→ What is required
Whatever appears in the records apart from pictures must be reproduced exactly.

→ Records to process

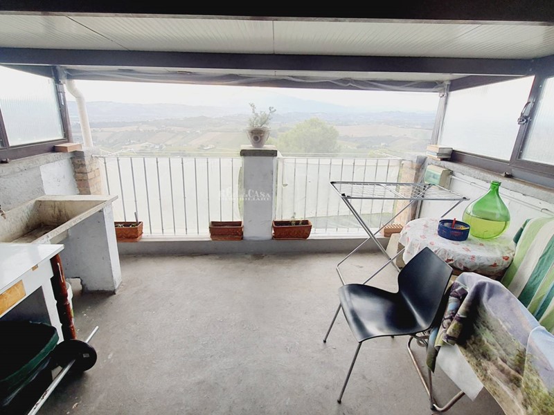 Rifinito con pavimentazione in cotto, entusiasmante vista panoramica, sia dal balcone che dal terrazzo, camino nel soggiorno del primo piano, vetri singoli con infissi in legno.
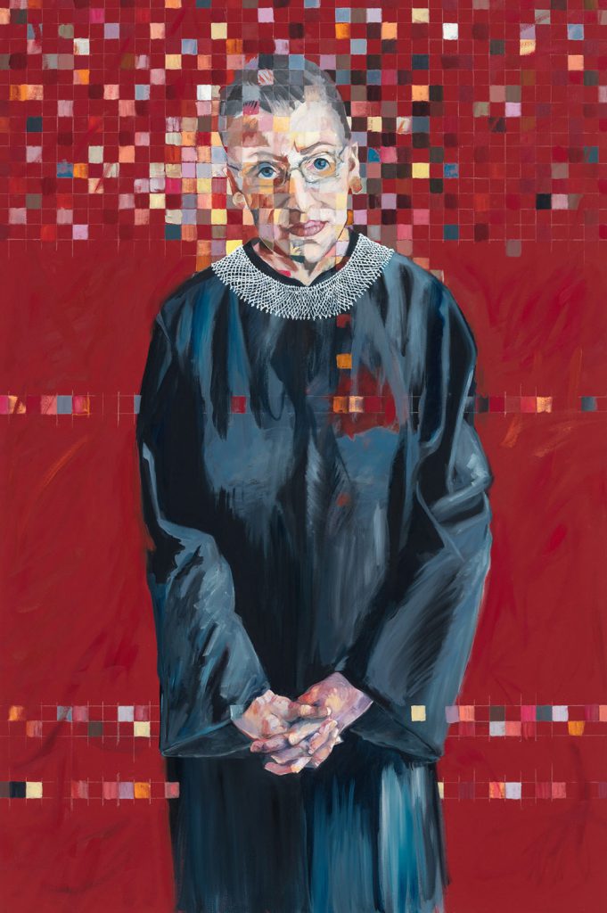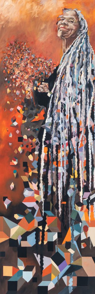 In relatively thin layers of paint, Streeper portrays the women mostly from the waist or shoulders up, except for RBG and Ruth Wilson Gilmore, abolitionist, prison scholar and professor. Gilmore’s fantastical full-length portrait is the outlier; her grey dreadlocks cascade over her shoulders and envelop her body. Here, the ubiquitous grid devolves into a mass of myriad geometric shapes, suggesting that she exists in a complex conceptual and literal space.
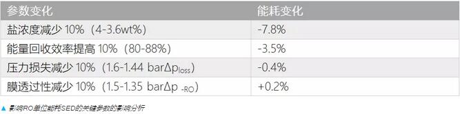 ▲ 影響RO單位能耗SED的關(guān)鍵參數(shù)的影響分析
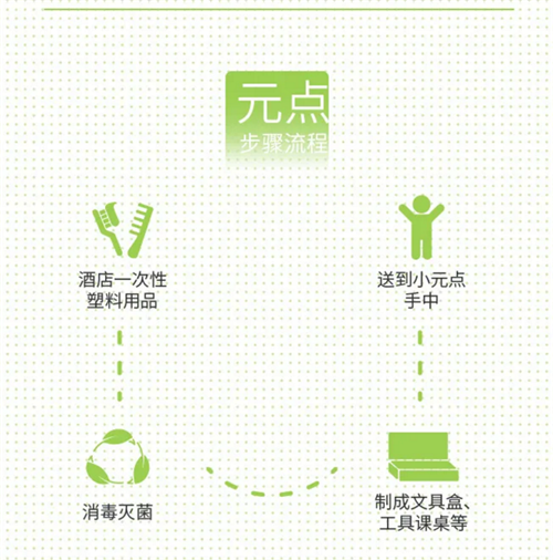 每一家加入元点计划的 ZMAX HOTELS和潮漫酒店,都会回收客房中使用过的一次性塑料用品(牙刷、梳子等)。门店的伙伴会将它们统一寄往塑料重塑企业「汉和集团」。 在那,"无用"的牙刷、梳子们将被消毒灭菌,回炉再造成符合国家标准的笔盒、尺子、塑料桌椅等文具。通过环保助学活动,它们就能去到有需要的孩子身边啦。
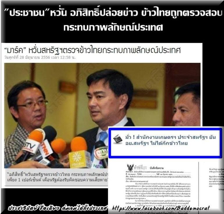 เป็นการพูดที่ขาดจิตสำนึก และขาดความรับผิดชอบต่อประเทศ และประชาชน ทั้งที่สำนักงานคณะกรรมการอาหารและยา (อย.) กรมวิทยา ศาสตร์การแพทย์ ยืนยันผลตรวจวิเคราะห์ข้าวว่าไร้ปัญหาและปลอดภัยได้มาตรฐาน รับประทานได้ ก็ยังปล่อยข่าวว่า อย.สหรัฐสั่งห้ามนำเข้าหรือกักกันข้าวไทย เพราะเกรงว่าข้าวจากโครงการรับจำนำข้าวมีสารเคมีเกินขนาด"

→ Your solution
 Rifinito con pavimentazione in cotto, entusiasmante vista panoramica, sia dal balcone che dal terrazzo, camino nel soggiorno del primo piano, vetri singoli con infissi in legno.
 In relatively thin layers of paint, Streeper portrays the women mostly from the waist or shoulders up, except for RBG and Ruth Wilson Gilmore, abolitionist, prison scholar and professor. Gilmore’s fantastical full-length portrait is the outlier; her grey dreadlocks cascade over her shoulders and envelop her body. Here, the ubiquitous grid devolves into a mass of myriad geometric shapes, suggesting that she exists in a complex conceptual and literal space.
 ▲ 影響RO單位能耗SED的關(guān)鍵參數(shù)的影響分析
 每一家加入元点计划的 ZMAX HOTELS和潮漫酒店,都会回收客房中使用过的一次性塑料用品(牙刷、梳子等)。门店的伙伴会将它们统一寄往塑料重塑企业「汉和集团」。 在那,"无用"的牙刷、梳子们将被消毒灭菌,回炉再造成符合国家标准的笔盒、尺子、塑料桌椅等文具。通过环保助学活动,它们就能去到有需要的孩子身边啦。
 เป็นการพูดที่ขาดจิตสำนึก และขาดความรับผิดชอบต่อประเทศ และประชาชน ทั้งที่สำนักงานคณะกรรมการอาหารและยา (อย.) กรมวิทยา ศาสตร์การแพทย์ ยืนยันผลตรวจวิเคราะห์ข้าวว่าไร้ปัญหาและปลอดภัยได้มาตรฐาน รับประทานได้ ก็ยังปล่อยข่าวว่า อย.สหรัฐสั่งห้ามนำเข้าหรือกักกันข้าวไทย เพราะเกรงว่าข้าวจากโครงการรับจำนำข้าวมีสารเคมีเกินขนาด"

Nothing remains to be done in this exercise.